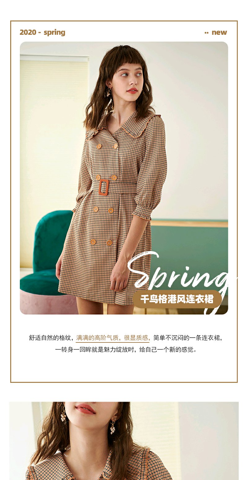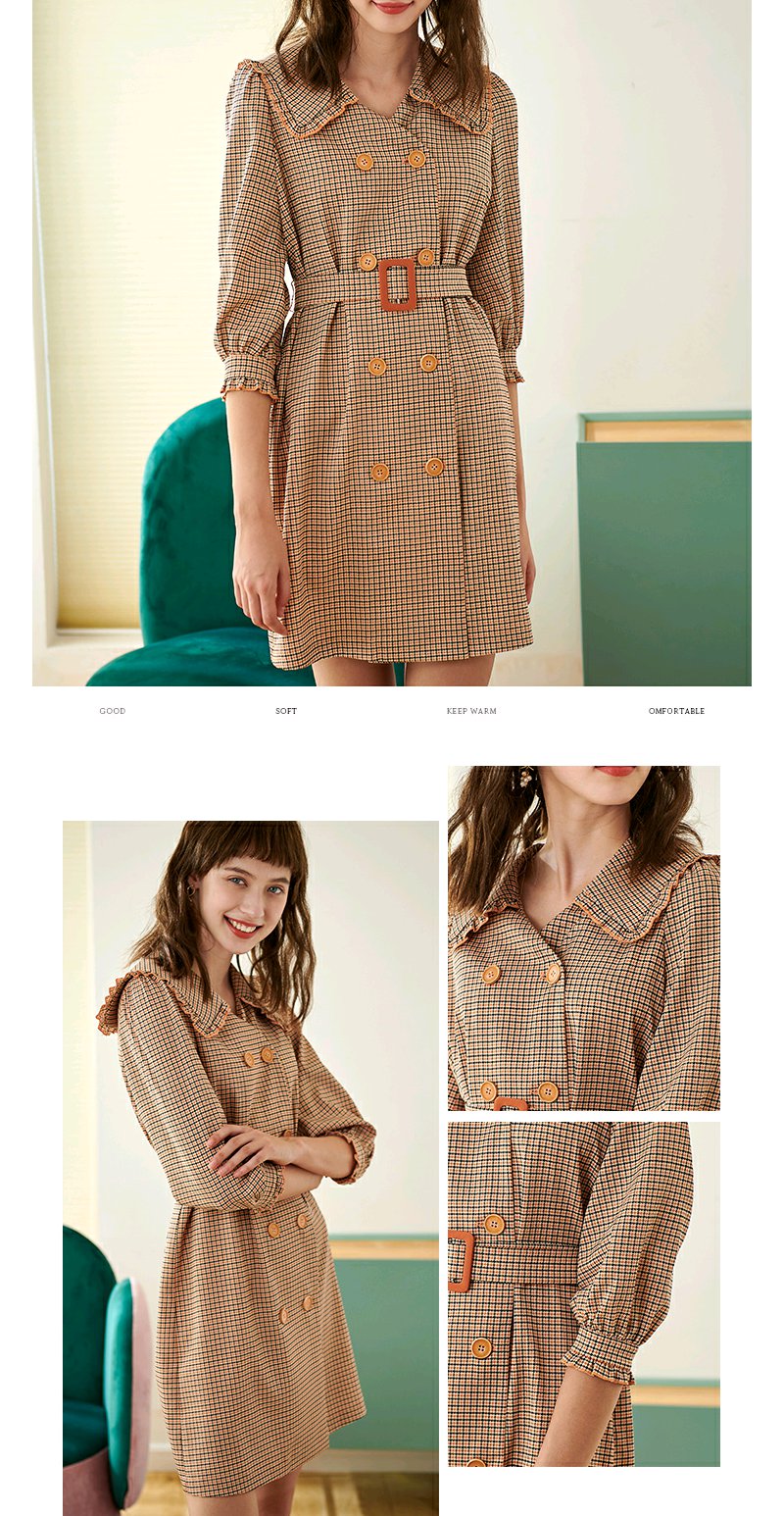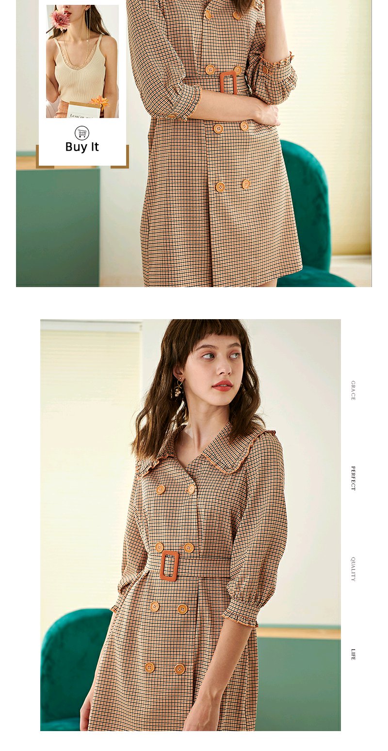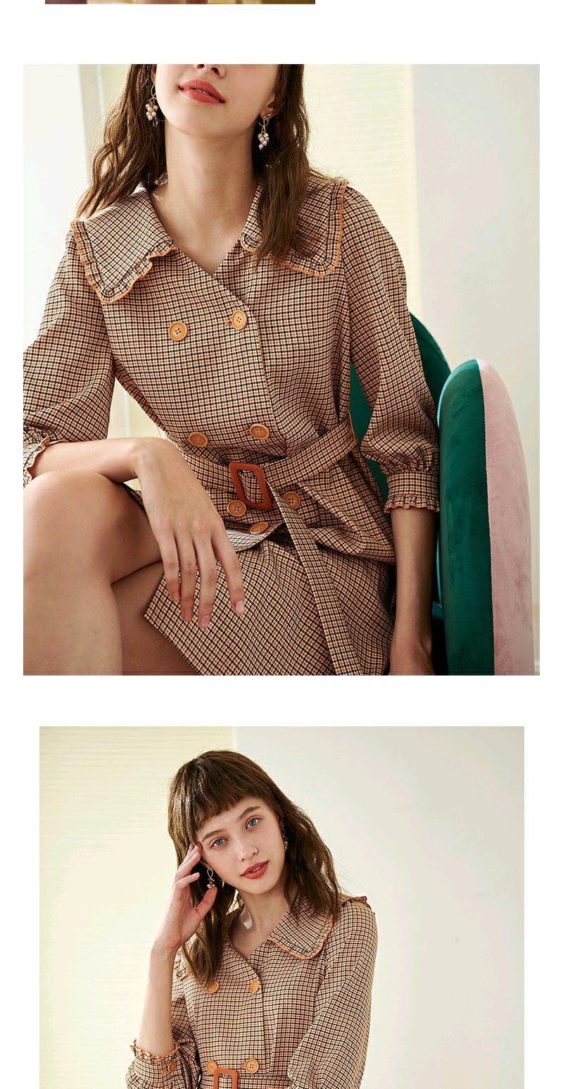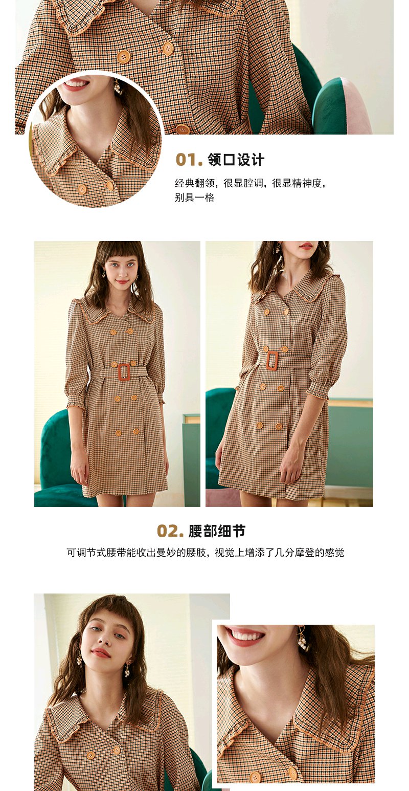 欧芮儿春新款七分袖格子连衣裙女中长款收腰双排扣A字裙
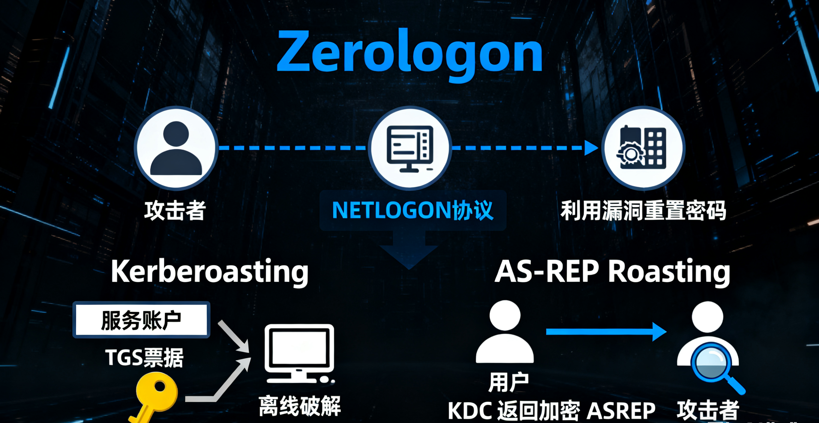 - Kerberoasting 针对服务账户,依赖 SPN 票据离线爆破,核心是字典质量与格式转换;
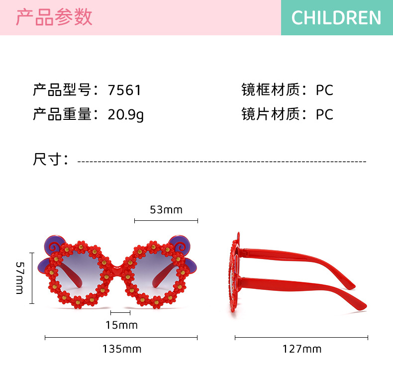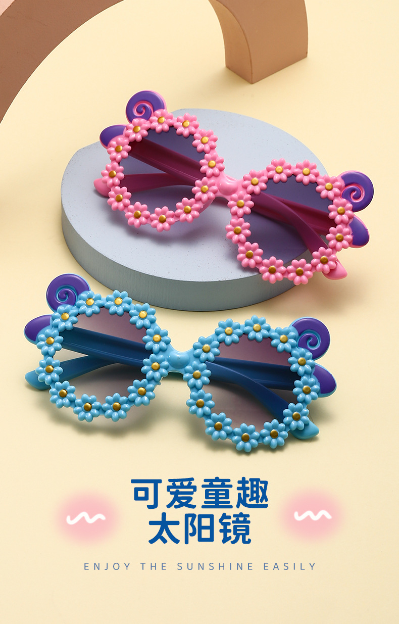어린이 선글라스 작은 데이지 어린이 귀여운 아기 유행 선글라스 소년 소녀 자외선 방지 꽃 안경 파티
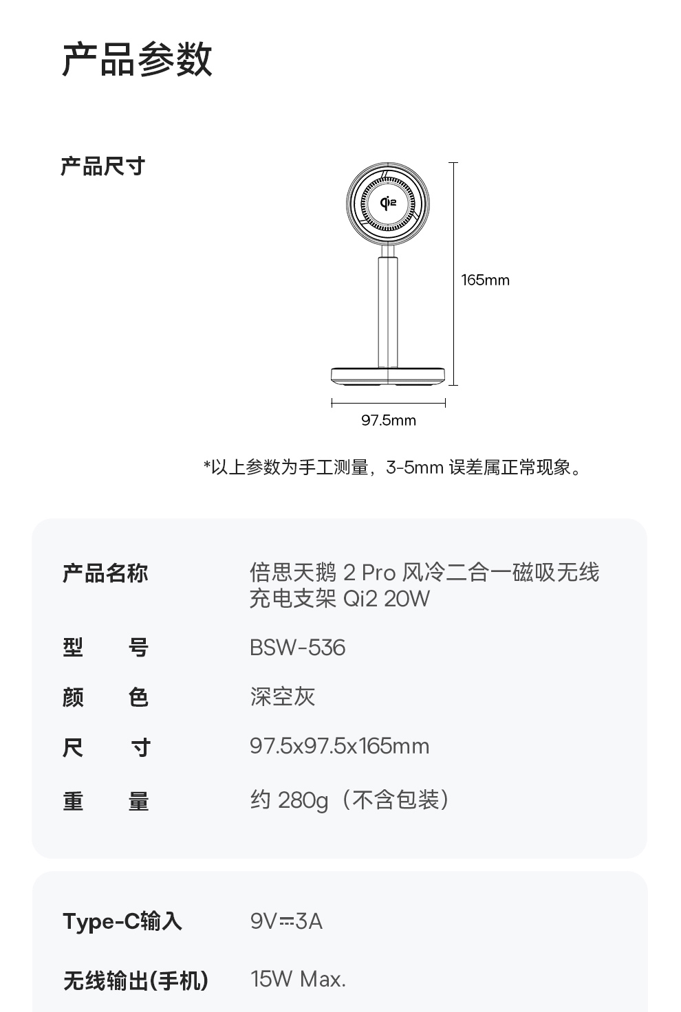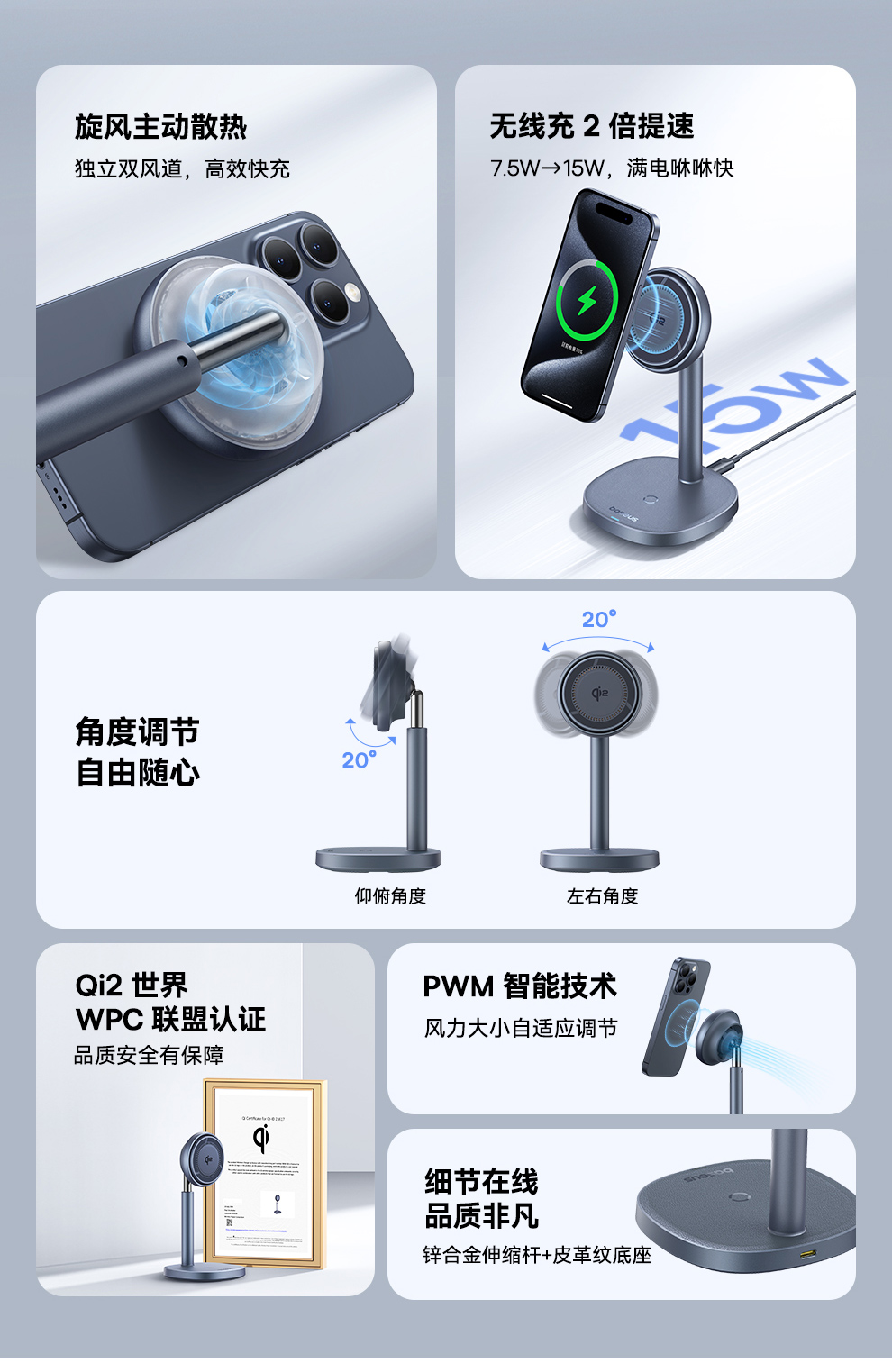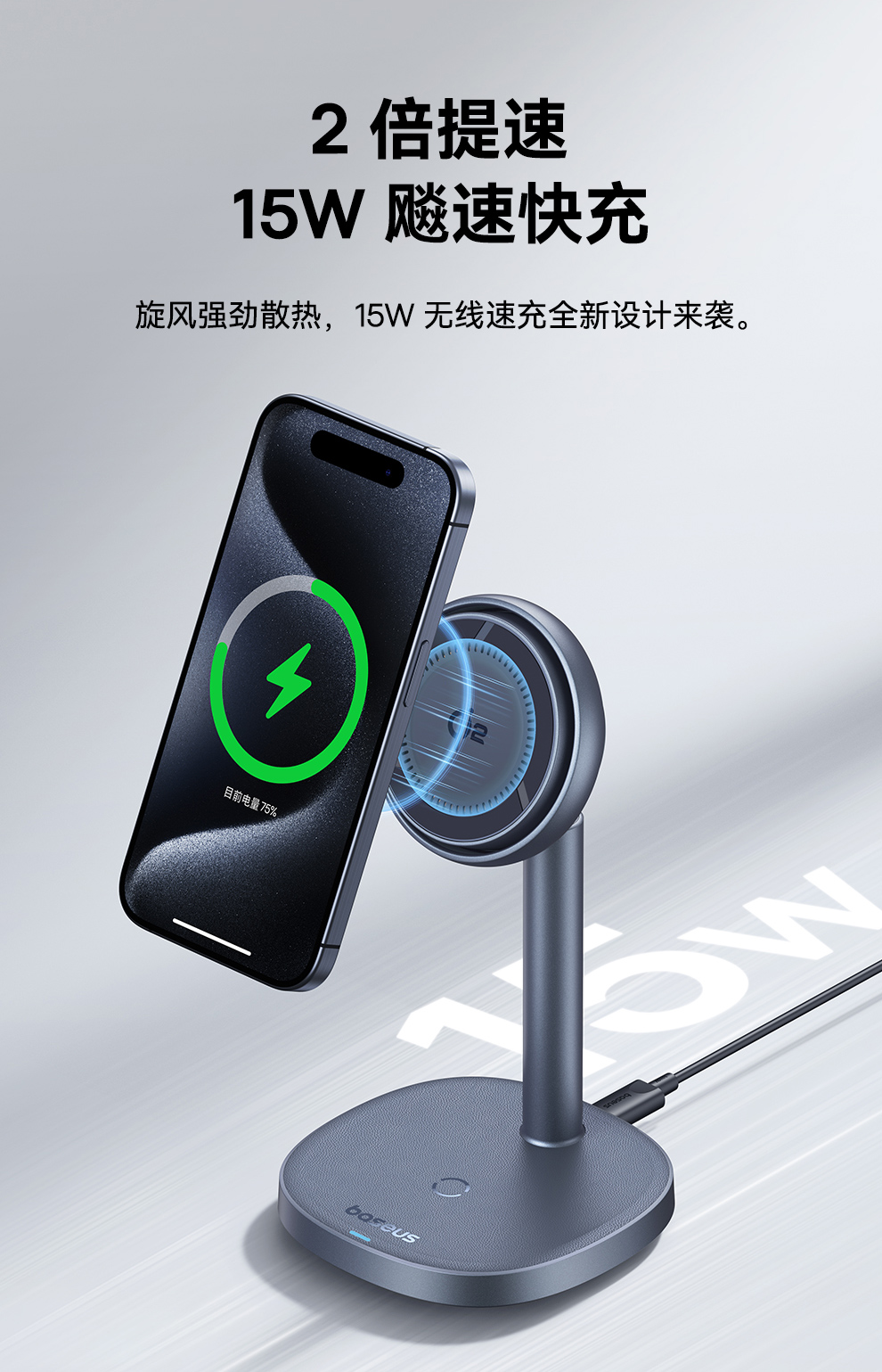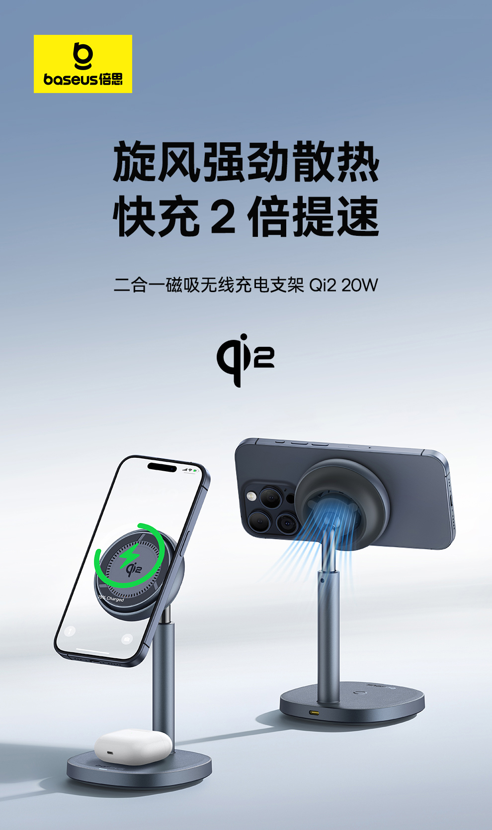 倍思 天鹅2Pro风冷二合一磁吸无线充电支架 Qi2 20W BSW-536

◇ ◇ ◇ ◇ ◇

Everything in the listing must be restated word for word, except for the pictures.

• Solution for this task:
 欧芮儿春新款七分袖格子连衣裙女中长款收腰双排扣A字裙
 - Kerberoasting 针对服务账户,依赖 SPN 票据离线爆破,核心是字典质量与格式转换;
어린이 선글라스 작은 데이지 어린이 귀여운 아기 유행 선글라스 소년 소녀 자외선 방지 꽃 안경 파티
 倍思 天鹅2Pro风冷二合一磁吸无线充电支架 Qi2 20W BSW-536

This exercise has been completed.